TASK MATERIAL
----
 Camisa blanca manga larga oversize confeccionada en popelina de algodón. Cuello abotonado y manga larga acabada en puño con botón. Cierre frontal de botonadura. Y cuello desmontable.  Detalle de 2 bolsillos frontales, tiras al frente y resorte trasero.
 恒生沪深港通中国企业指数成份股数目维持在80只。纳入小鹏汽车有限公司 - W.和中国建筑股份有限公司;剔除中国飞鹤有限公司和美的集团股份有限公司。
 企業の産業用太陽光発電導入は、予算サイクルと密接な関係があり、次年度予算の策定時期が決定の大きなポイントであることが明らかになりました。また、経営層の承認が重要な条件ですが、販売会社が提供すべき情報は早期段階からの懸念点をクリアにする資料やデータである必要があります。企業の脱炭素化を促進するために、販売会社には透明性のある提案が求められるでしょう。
----
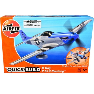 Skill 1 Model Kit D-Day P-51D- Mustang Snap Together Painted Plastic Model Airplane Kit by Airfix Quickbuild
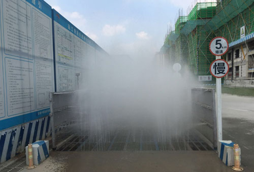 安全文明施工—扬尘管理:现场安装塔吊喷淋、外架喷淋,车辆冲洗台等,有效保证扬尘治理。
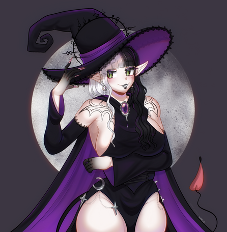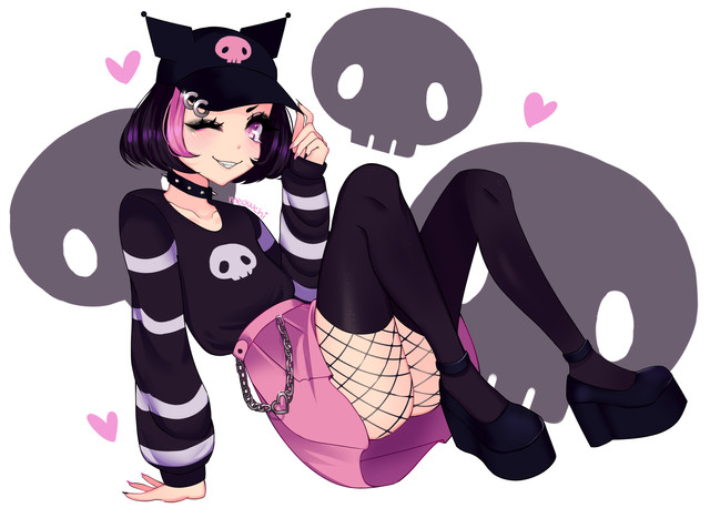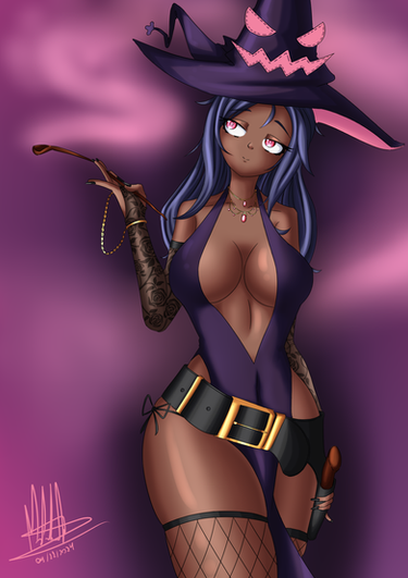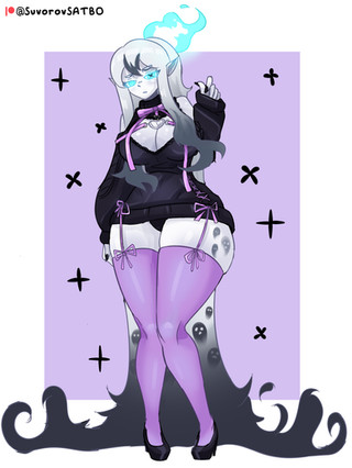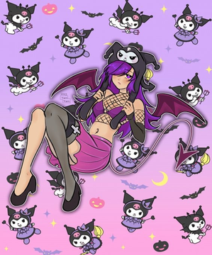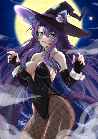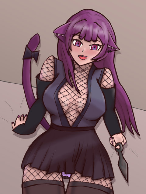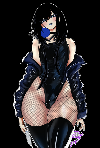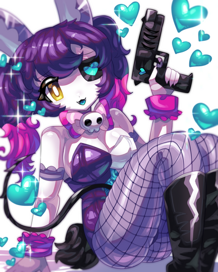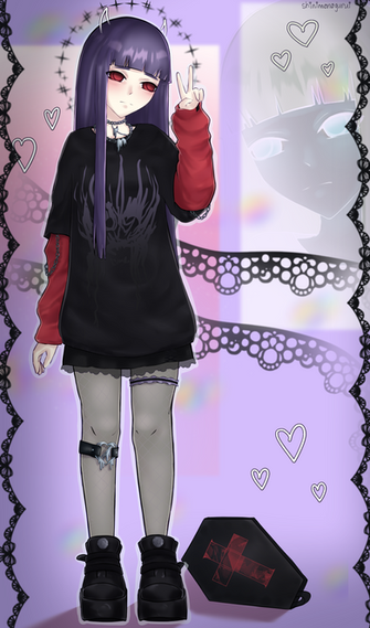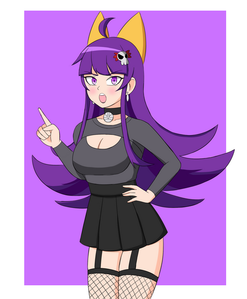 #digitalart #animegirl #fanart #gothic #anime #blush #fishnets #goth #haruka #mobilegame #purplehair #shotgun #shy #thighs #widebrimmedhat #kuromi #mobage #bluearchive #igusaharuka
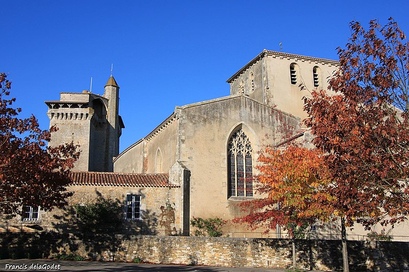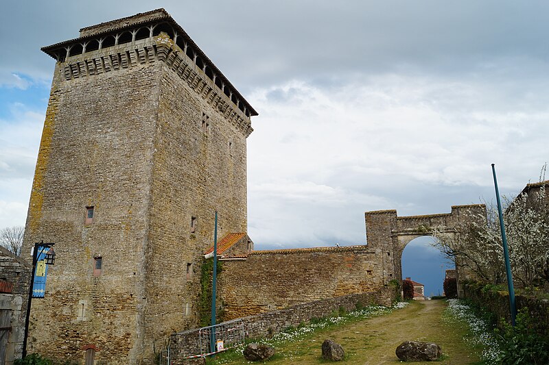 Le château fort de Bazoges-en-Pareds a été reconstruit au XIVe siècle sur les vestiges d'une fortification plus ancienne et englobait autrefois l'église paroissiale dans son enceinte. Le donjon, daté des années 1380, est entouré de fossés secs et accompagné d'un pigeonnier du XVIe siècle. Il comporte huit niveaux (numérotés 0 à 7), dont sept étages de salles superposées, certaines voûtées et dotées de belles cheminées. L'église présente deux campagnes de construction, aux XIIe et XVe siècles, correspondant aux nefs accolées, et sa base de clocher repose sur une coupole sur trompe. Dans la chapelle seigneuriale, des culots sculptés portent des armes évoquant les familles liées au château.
----
TASK INSTRUCTIONS
What you return must be the lines above that run from the line with "Camisa blanca manga" to the line with "企業の産業用太陽光発電導入は", inclusive, each copied exactly.

ANSWER SECTION
 Camisa blanca manga larga oversize confeccionada en popelina de algodón. Cuello abotonado y manga larga acabada en puño con botón. Cierre frontal de botonadura. Y cuello desmontable.  Detalle de 2 bolsillos frontales, tiras al frente y resorte trasero.
 恒生沪深港通中国企业指数成份股数目维持在80只。纳入小鹏汽车有限公司 - W.和中国建筑股份有限公司;剔除中国飞鹤有限公司和美的集团股份有限公司。
 企業の産業用太陽光発電導入は、予算サイクルと密接な関係があり、次年度予算の策定時期が決定の大きなポイントであることが明らかになりました。また、経営層の承認が重要な条件ですが、販売会社が提供すべき情報は早期段階からの懸念点をクリアにする資料やデータである必要があります。企業の脱炭素化を促進するために、販売会社には透明性のある提案が求められるでしょう。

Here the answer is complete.